Q: How reliable is depth control when using FLI?
Q: How fast does a FLI tool fall during deployment?
Q: What is the maximum well deviation that can be serviced using FLI?
Q: What are FLI tools made from?
FLI tools are made using aluminium housings. After extensive customer engagement and experimentation, we have selected 2011/T2 series (UNS A92011) aluminium alloys as our standard housing material. Aluminium is strong, lightweight and, through its widespread use, has predictable properties.
Dissolvable Alloys
At the early stages of the FLI development we experimented with making the tool body from a dissolvable alloy, so that the tool would fully dissolve downhole in a controlled manner.
As things stand today, dissolvable alloys are expensive materials to use and require careful handling. For example, a dissolvable-alloy FLI tool needs to be stored in a controlled environment – eg, so it does not start to dissolve prematurely in a wet or humid offshore environment.
Furthermore, the operational procedures become complicated at the wellsite. Should pressure-testing delays occur once the FLI tool is installed in the lubricator, the FLI tool may start to dissolve prematurely. Also, once deployed, if the downhole fluids and temperatures are different to those expected, the FLI tool may dissolve earlier than intended. Once a tool starts to dissolve it rapidly loses its strength and structure, making it very difficult or impossible to fish.
In summary, although dissolvable alloys may have applications in the future, as of now, the practical difficulties outweigh the benefits in most real-world applications.
Q: What happens to a FLI tool at the end of a job in a completed well?
In the vast majority of jobs we plan to leave the FLI tool at the bottom of the well, out of the way. FLI tools are short – typically less than 2 m in length – so they take up very little space in the rathole.
What happens if a FLI tool doesn’t get to its intended depth?

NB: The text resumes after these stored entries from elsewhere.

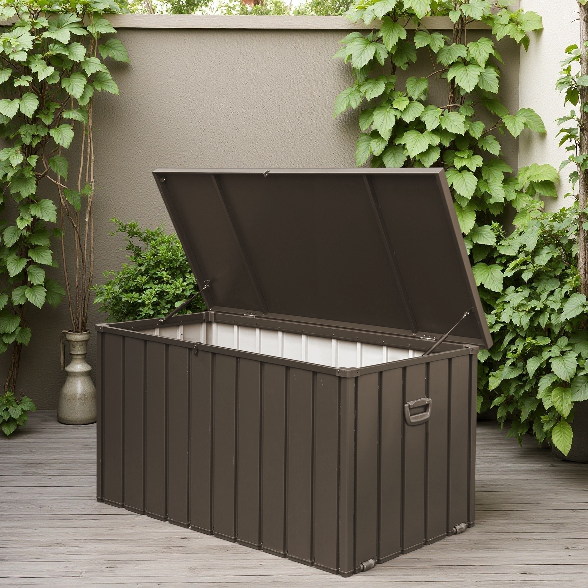 Lockable Outdoor Metal Storage Box with Outside Cushions, Throw Pillows
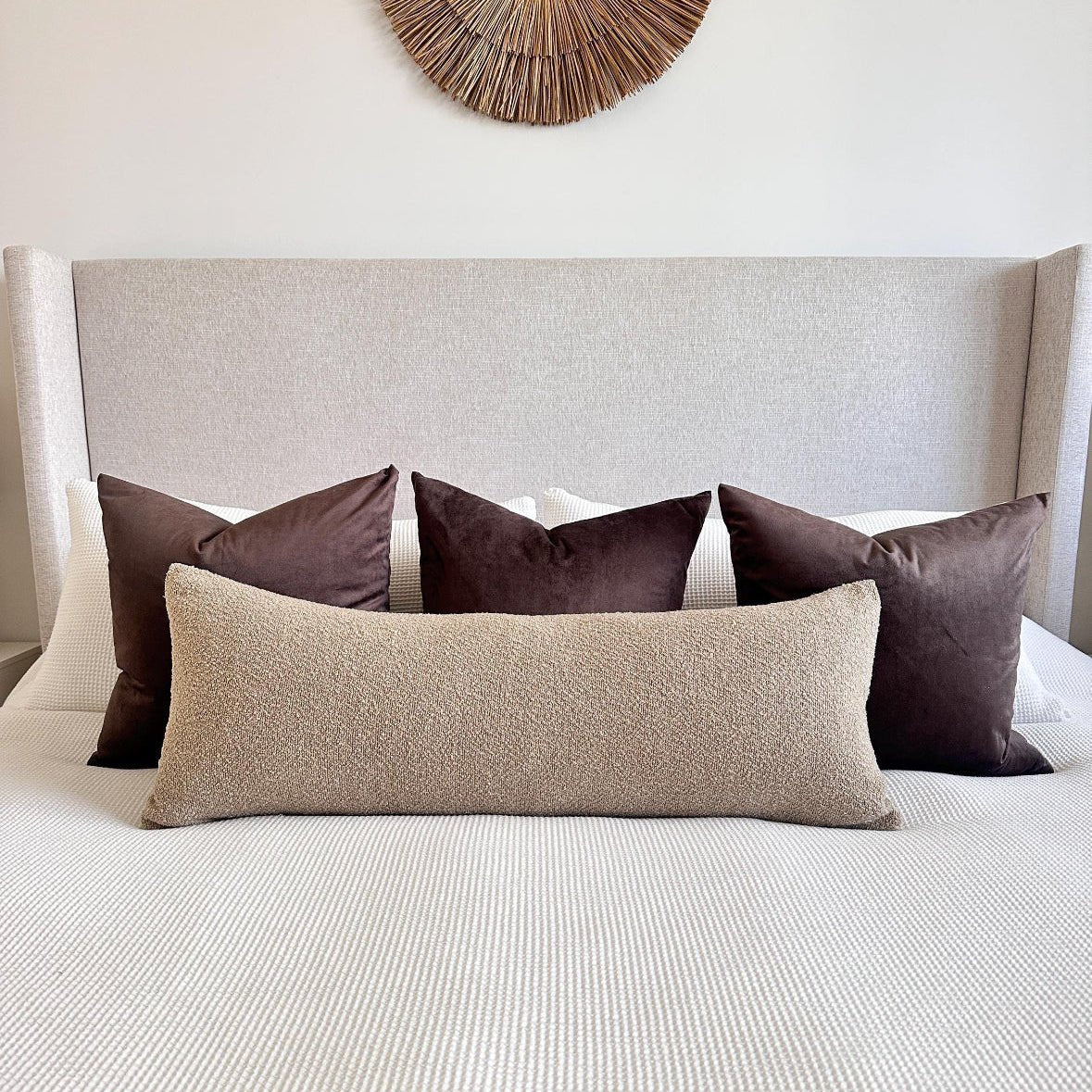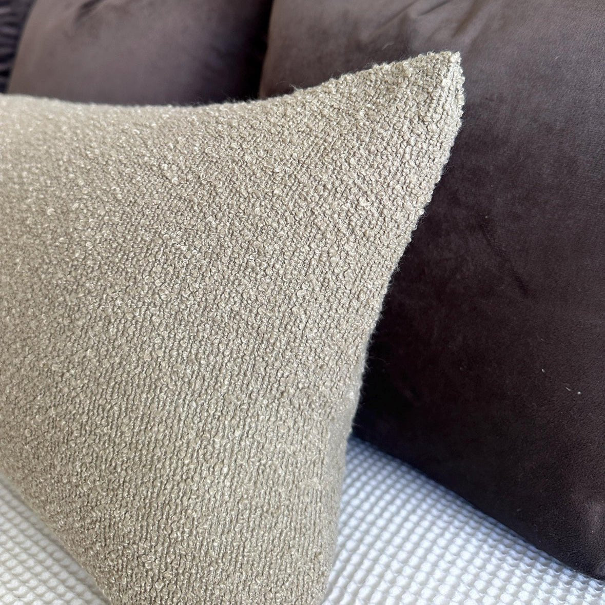 Add soft texture and timeless warmth to your space with this taupe bouclé long lumbar pillow cover. Designed with a cozy, nubby bouclé fabric in a versatile taupe tone, this piece brings a layered, designer feel to beds, sofas, and benches—perfect for creating a curated, lived-in look.
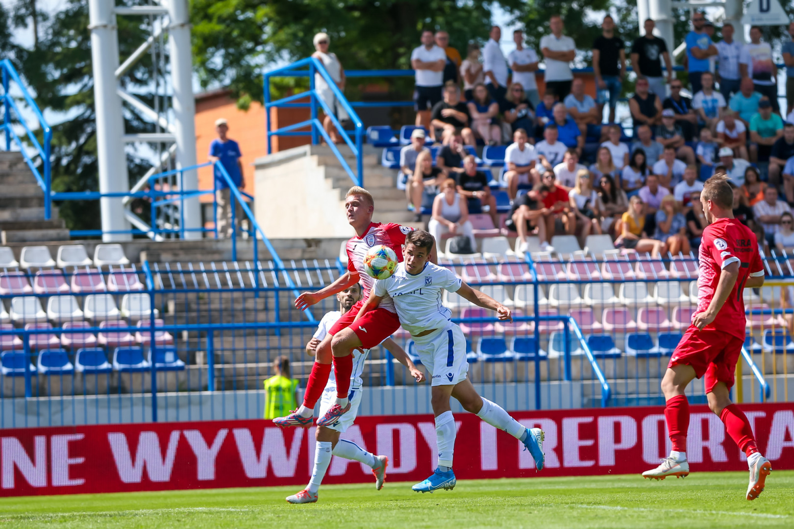 Jeszcze przed przerwą na skraju pola karnego faulowany był Filip Marchwiński. Do piłki podszedł Jakub Moder, ale jego uderzenie powędrowało nad poprzeczką bramki strzeżonej przez Biegańskiego. W doliczonym czasie gry pierwszej części spotkania znowu groźnie główkował "Marchewa", ale jego strzał wybronił golkiper gości. Wynik po 45. minutach zdecydowanie oddawał to co działo się na boisku.

First of all, this is unlikely to happen. We plan FLI jobs carefully, working closely with you, to make sure we understand what you want to achieve. We take into account the anticipated well conditions – eg, fluid types, restrictions, deviations and likelihood of debris. If we don’t think that FLI is the right solution for your particular application, we’ll tell you.
Nevertheless we recognise that, especially in old wells, there may be unforeseen issues. All FLI tools have a standard size of external fishing neck, designed to be latched by an SB-type pulling tool, which allows the FLI tool to be recovered on slickline. We have done a number of jobs where the FLI tool was planned to be fished from the well, and we have never had a FLI tool that has not been fished successfully.
Alternatively, the FLI tool housing is made from a short, thin aluminium tube, which can be easily drilled or dissolved by spotting acid.
Q: What happens to a FLI tool at the end of a job in a well being drilled?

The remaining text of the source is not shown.